**INSTRUCTIONS TO FOLLOW**
Begin at the line containing "สุพรรณบุรี- สา" in the entries below and end at the line containing "Gambar di atas"; transcribe that range exactly and nothing outside it.

**DATA FOR PROCESSING**
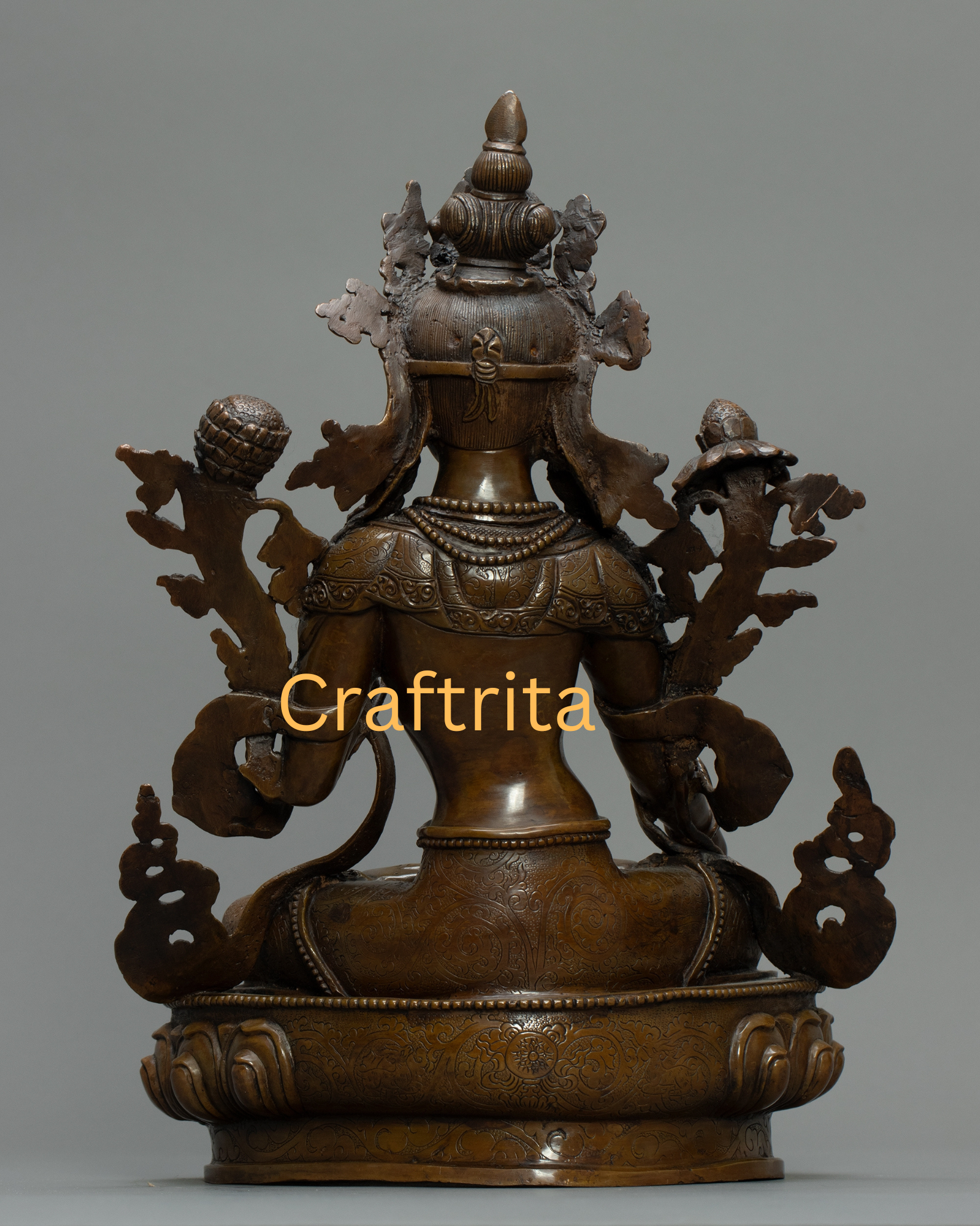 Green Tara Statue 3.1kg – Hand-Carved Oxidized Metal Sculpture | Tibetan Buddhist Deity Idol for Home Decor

==

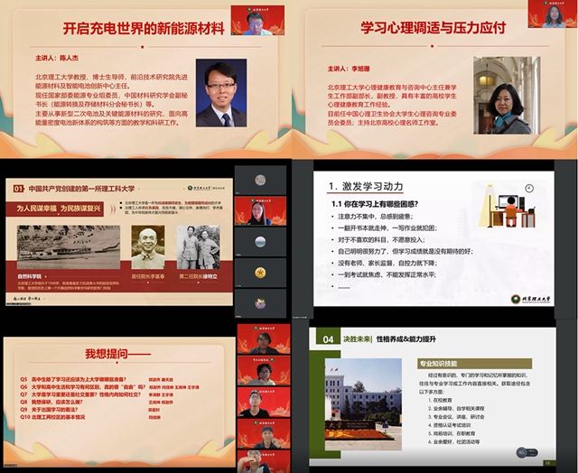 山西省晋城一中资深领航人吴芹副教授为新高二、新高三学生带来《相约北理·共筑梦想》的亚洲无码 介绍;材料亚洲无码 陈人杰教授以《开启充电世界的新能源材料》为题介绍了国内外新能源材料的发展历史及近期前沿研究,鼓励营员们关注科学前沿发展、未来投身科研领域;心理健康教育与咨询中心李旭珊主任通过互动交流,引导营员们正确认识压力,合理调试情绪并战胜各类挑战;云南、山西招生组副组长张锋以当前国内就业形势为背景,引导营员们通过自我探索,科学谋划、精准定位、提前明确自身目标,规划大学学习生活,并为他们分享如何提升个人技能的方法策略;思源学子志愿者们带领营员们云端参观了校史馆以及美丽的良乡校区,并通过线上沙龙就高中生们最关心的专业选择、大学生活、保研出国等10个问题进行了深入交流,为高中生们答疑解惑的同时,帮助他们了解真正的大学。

--

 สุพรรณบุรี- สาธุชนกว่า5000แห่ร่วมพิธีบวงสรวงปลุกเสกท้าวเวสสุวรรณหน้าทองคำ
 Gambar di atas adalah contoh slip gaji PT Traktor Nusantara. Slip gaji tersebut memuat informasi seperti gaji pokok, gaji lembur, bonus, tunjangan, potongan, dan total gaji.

**RESPONSE**
 สุพรรณบุรี- สาธุชนกว่า5000แห่ร่วมพิธีบวงสรวงปลุกเสกท้าวเวสสุวรรณหน้าทองคำ
 Gambar di atas adalah contoh slip gaji PT Traktor Nusantara. Slip gaji tersebut memuat informasi seperti gaji pokok, gaji lembur, bonus, tunjangan, potongan, dan total gaji.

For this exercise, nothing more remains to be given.